# [To do]
What are the lines below, starting at the line containing "Heavenly Made Apparel" and ending at the line containing "在省市台页面,点击上海地区标签,即可进入上海地区电台列表页面。"? Write them out exactly, ends included, without pictures.

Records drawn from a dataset
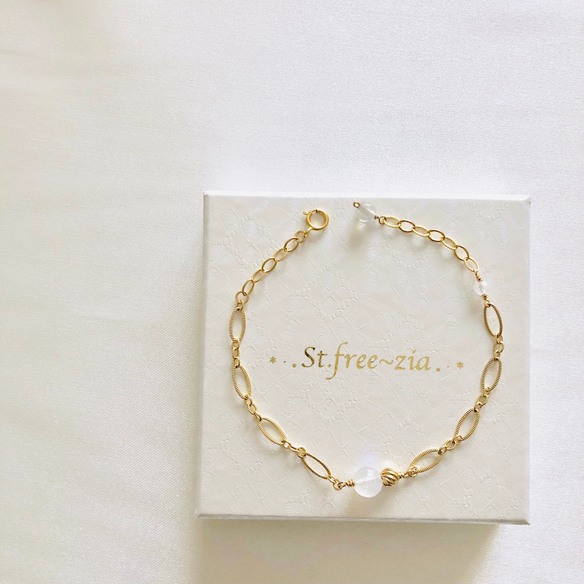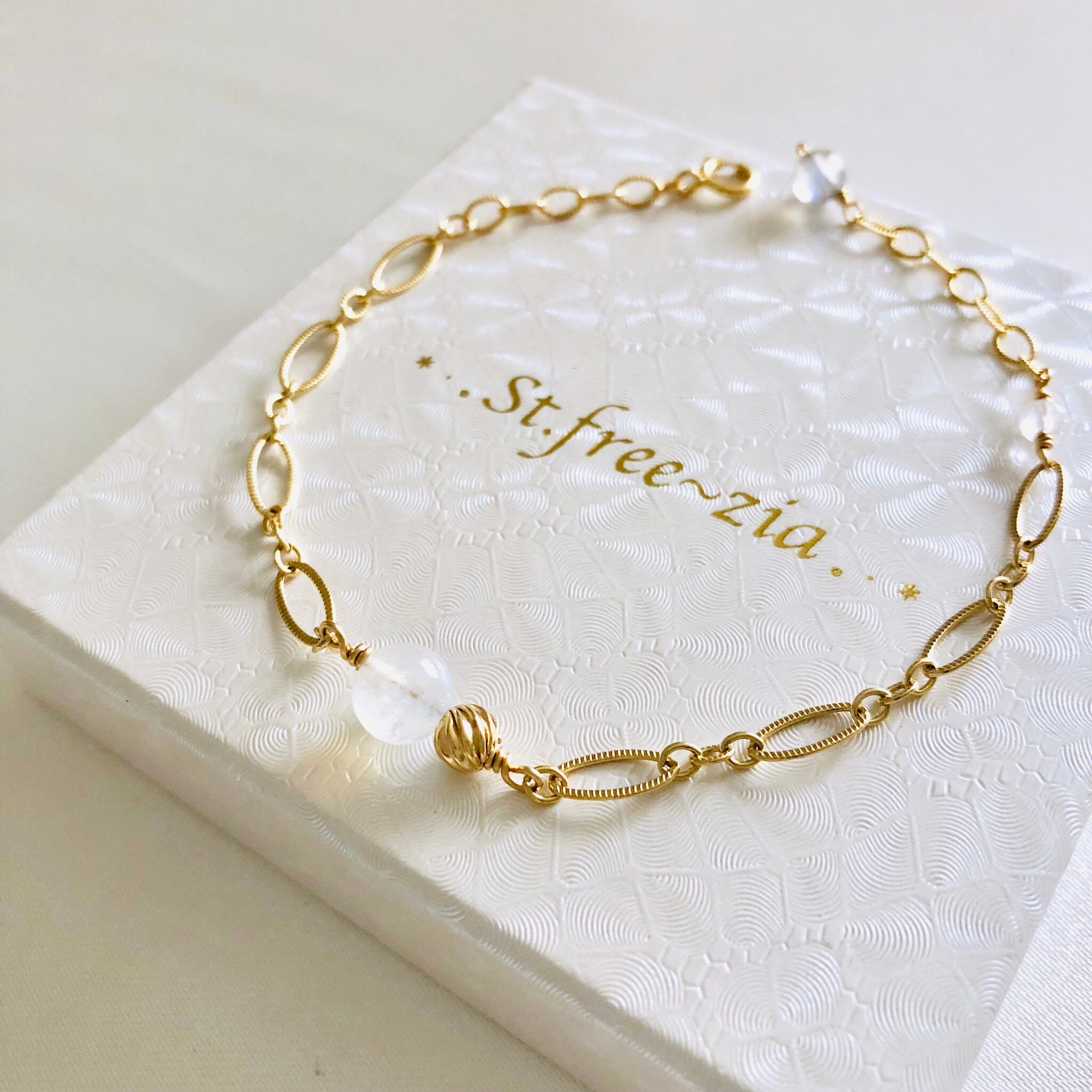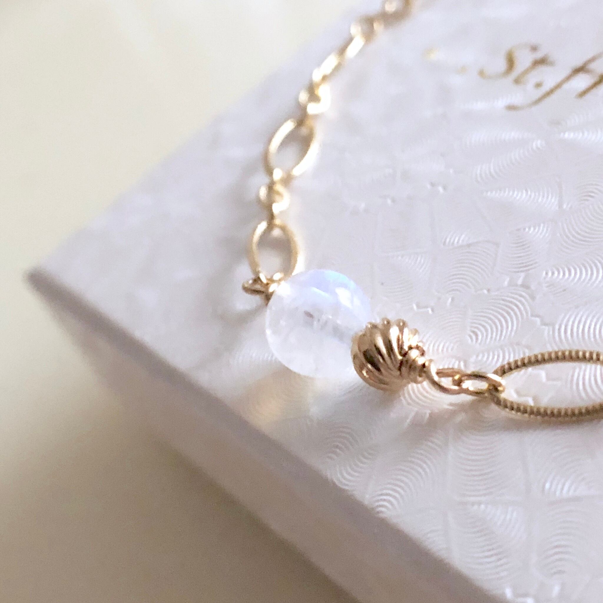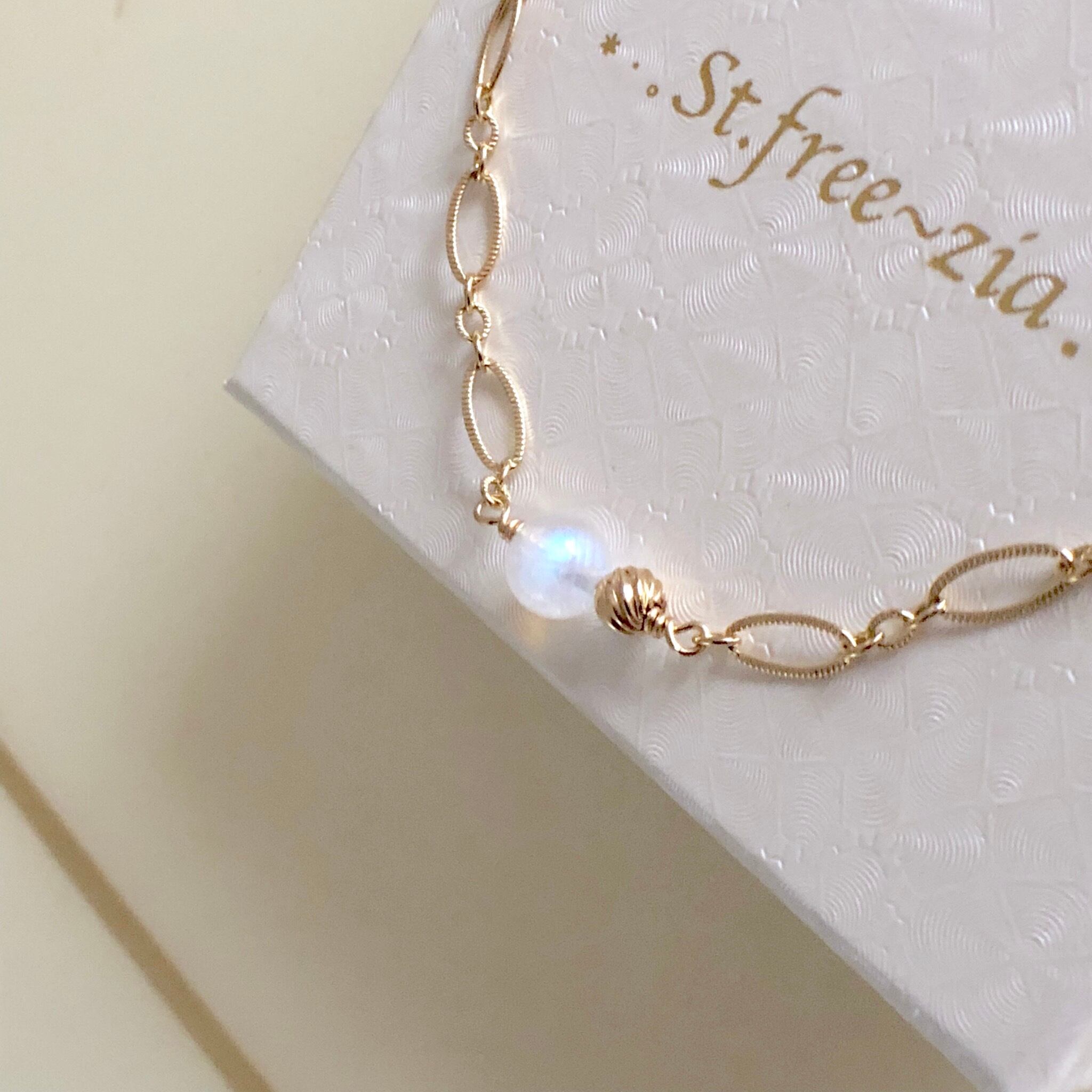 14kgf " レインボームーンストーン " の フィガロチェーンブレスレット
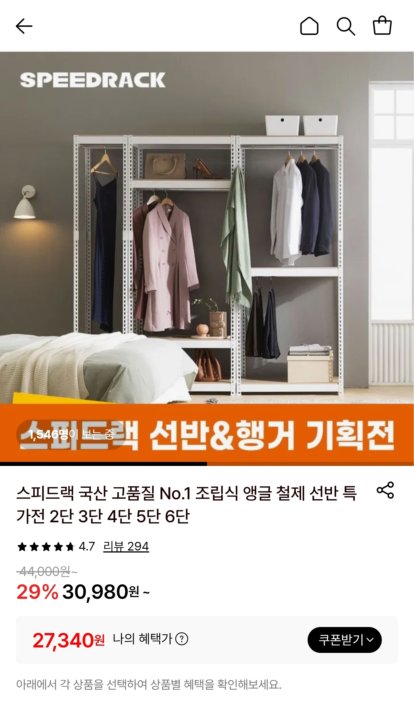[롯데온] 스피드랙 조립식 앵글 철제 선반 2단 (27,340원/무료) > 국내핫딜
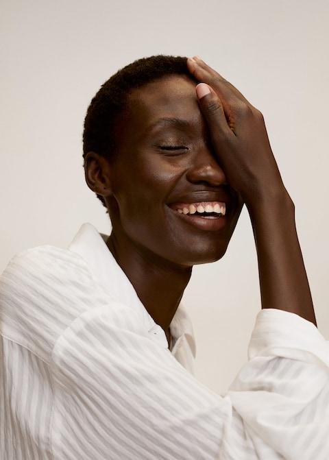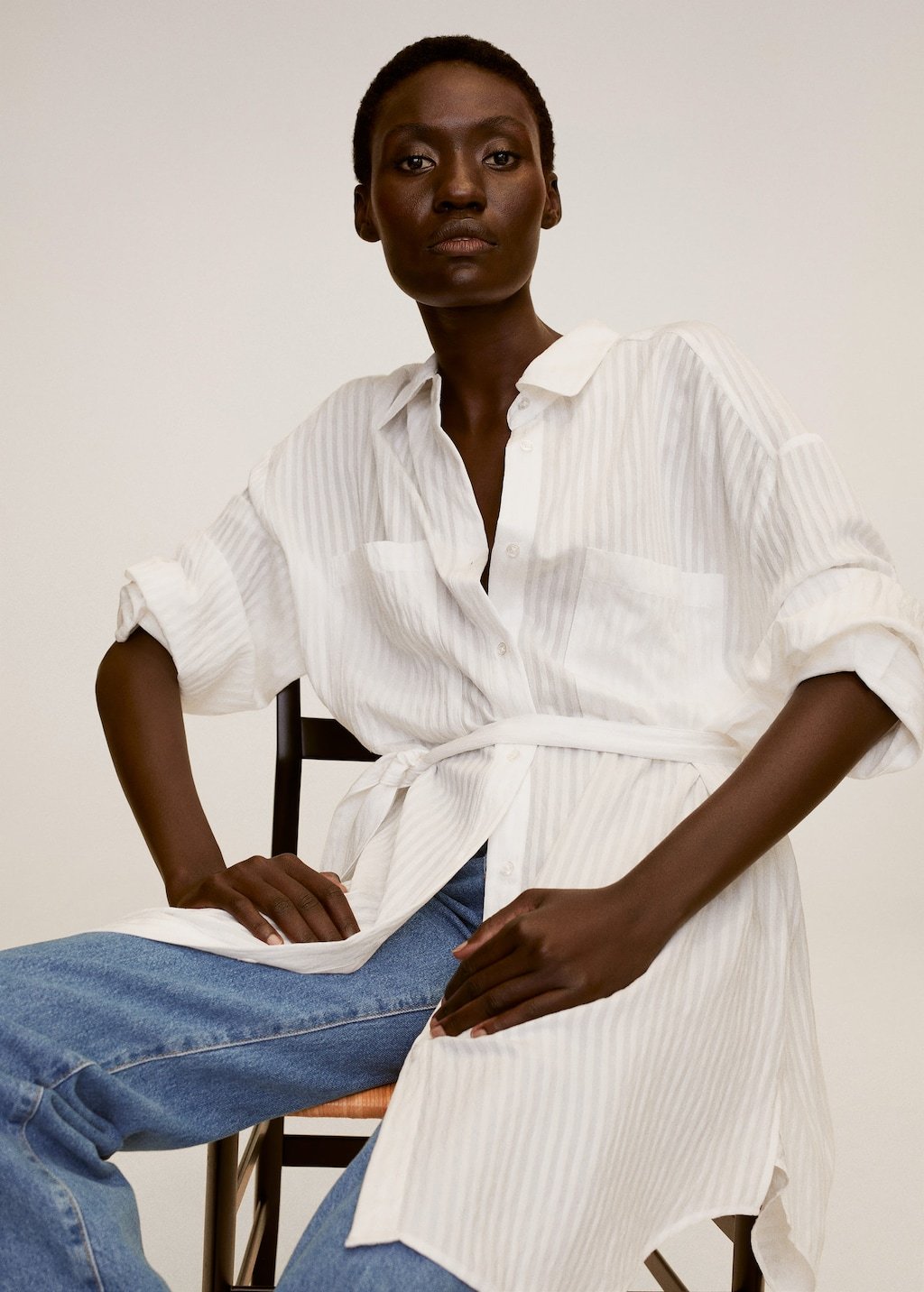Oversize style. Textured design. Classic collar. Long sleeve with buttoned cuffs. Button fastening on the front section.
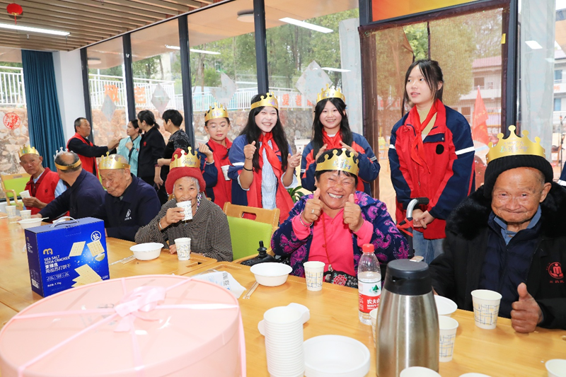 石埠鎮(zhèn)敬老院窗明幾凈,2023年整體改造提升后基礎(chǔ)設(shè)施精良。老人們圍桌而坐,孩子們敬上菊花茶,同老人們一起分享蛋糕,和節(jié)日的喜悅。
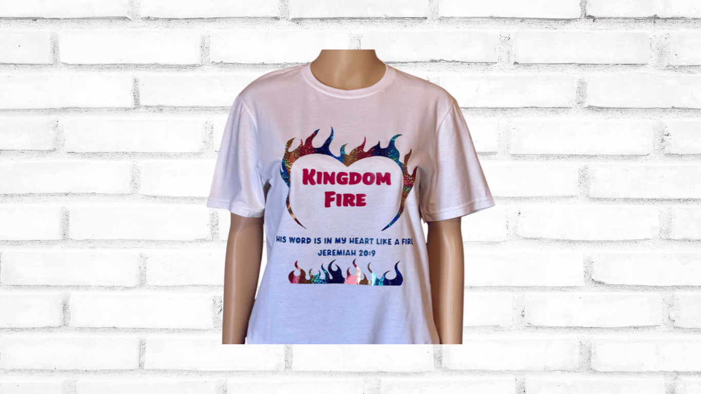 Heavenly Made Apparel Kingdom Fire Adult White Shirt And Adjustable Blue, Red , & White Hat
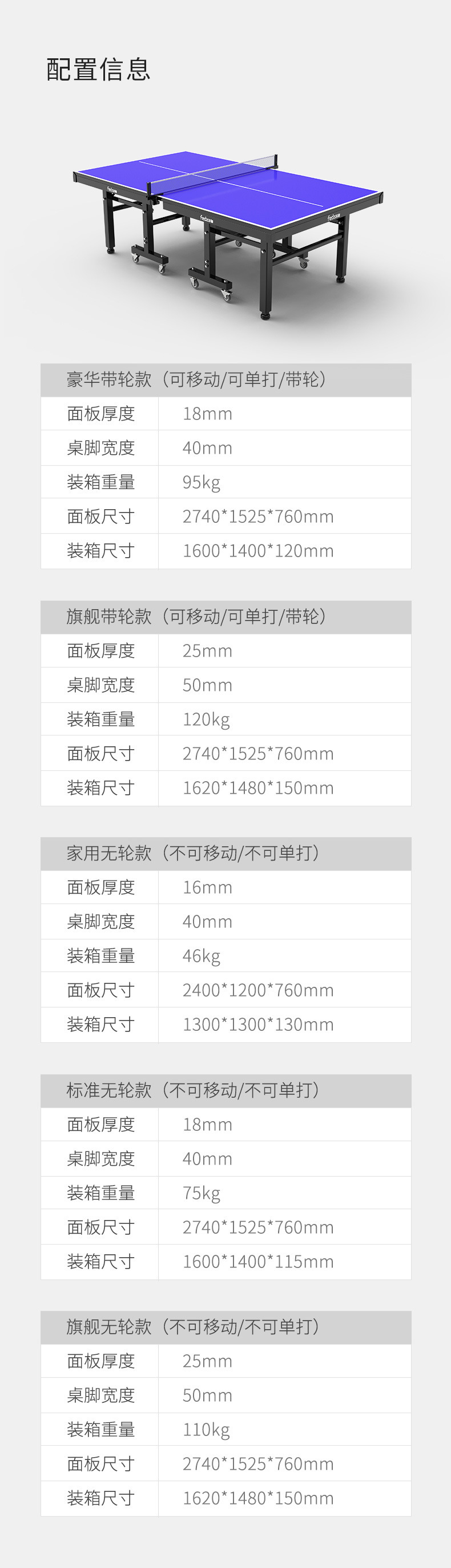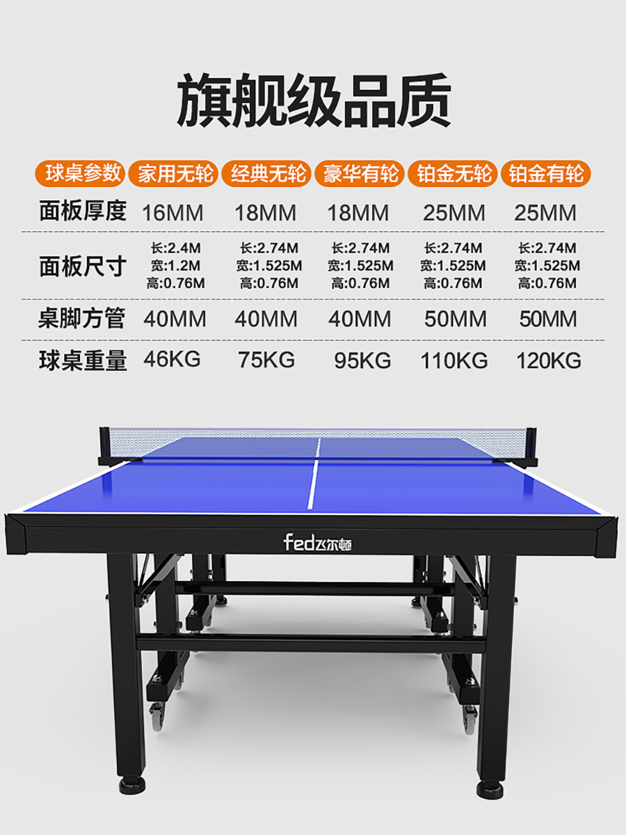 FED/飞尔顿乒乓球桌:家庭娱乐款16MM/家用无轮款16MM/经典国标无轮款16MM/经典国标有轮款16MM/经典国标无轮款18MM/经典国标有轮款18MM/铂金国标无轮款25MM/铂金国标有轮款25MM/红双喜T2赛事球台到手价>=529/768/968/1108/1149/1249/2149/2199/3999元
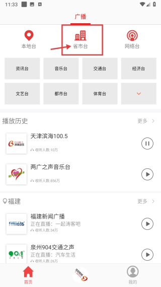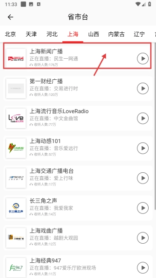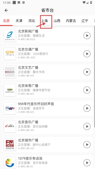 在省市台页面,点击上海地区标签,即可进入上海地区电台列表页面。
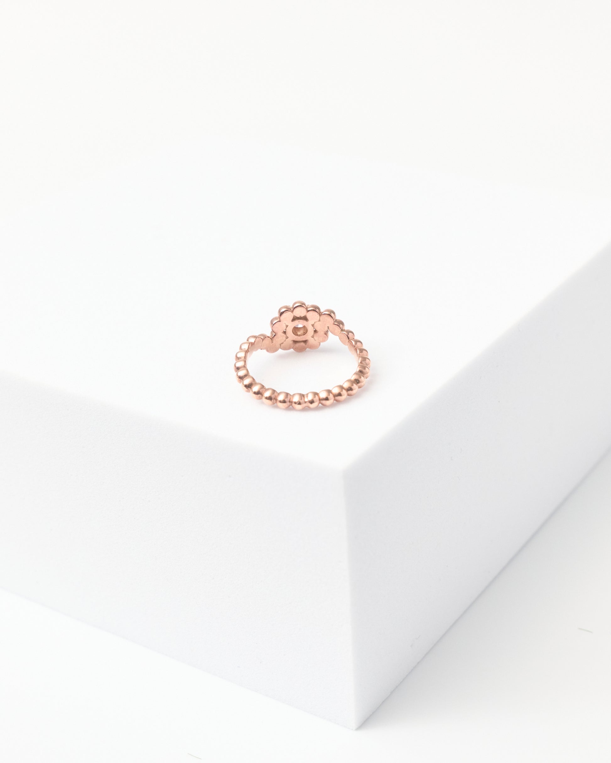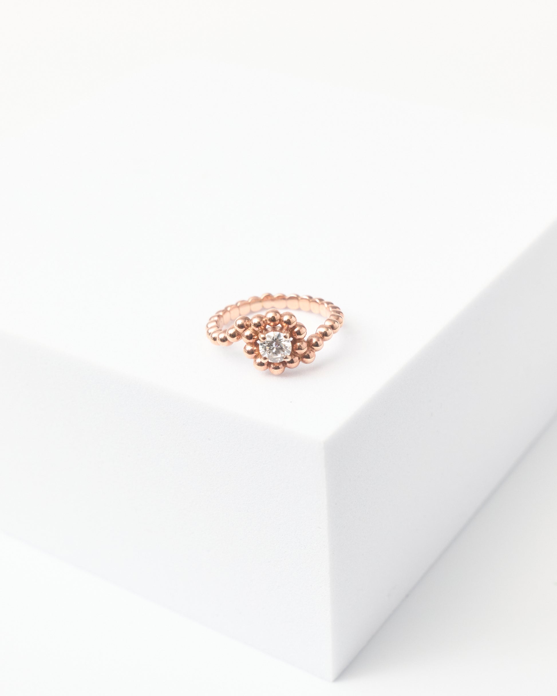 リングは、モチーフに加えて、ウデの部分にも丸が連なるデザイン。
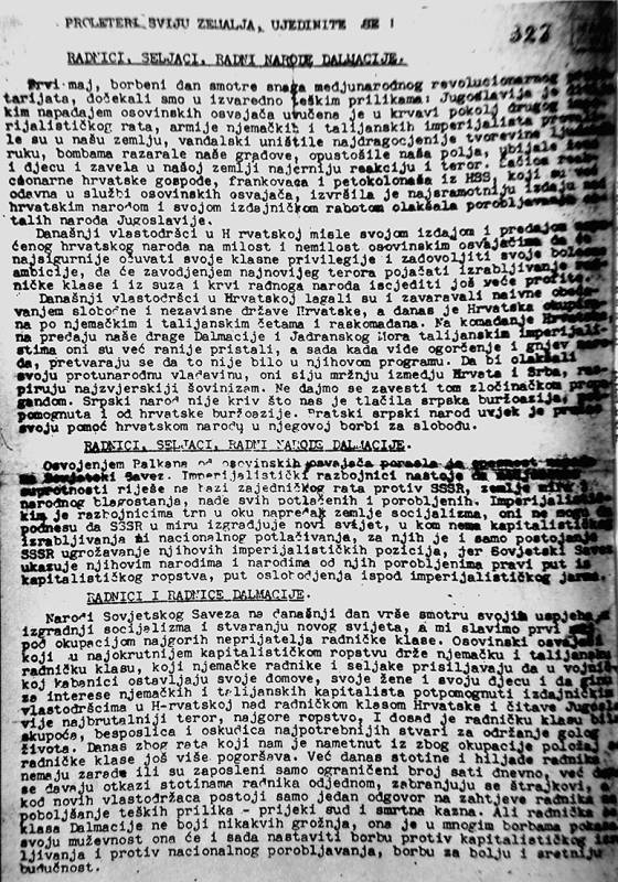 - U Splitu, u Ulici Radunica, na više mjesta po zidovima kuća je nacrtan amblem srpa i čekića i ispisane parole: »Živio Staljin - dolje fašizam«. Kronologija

# [Exercise answer]
 Heavenly Made Apparel Kingdom Fire Adult White Shirt And Adjustable Blue, Red , & White Hat
 FED/飞尔顿乒乓球桌:家庭娱乐款16MM/家用无轮款16MM/经典国标无轮款16MM/经典国标有轮款16MM/经典国标无轮款18MM/经典国标有轮款18MM/铂金国标无轮款25MM/铂金国标有轮款25MM/红双喜T2赛事球台到手价>=529/768/968/1108/1149/1249/2149/2199/3999元
 在省市台页面,点击上海地区标签,即可进入上海地区电台列表页面。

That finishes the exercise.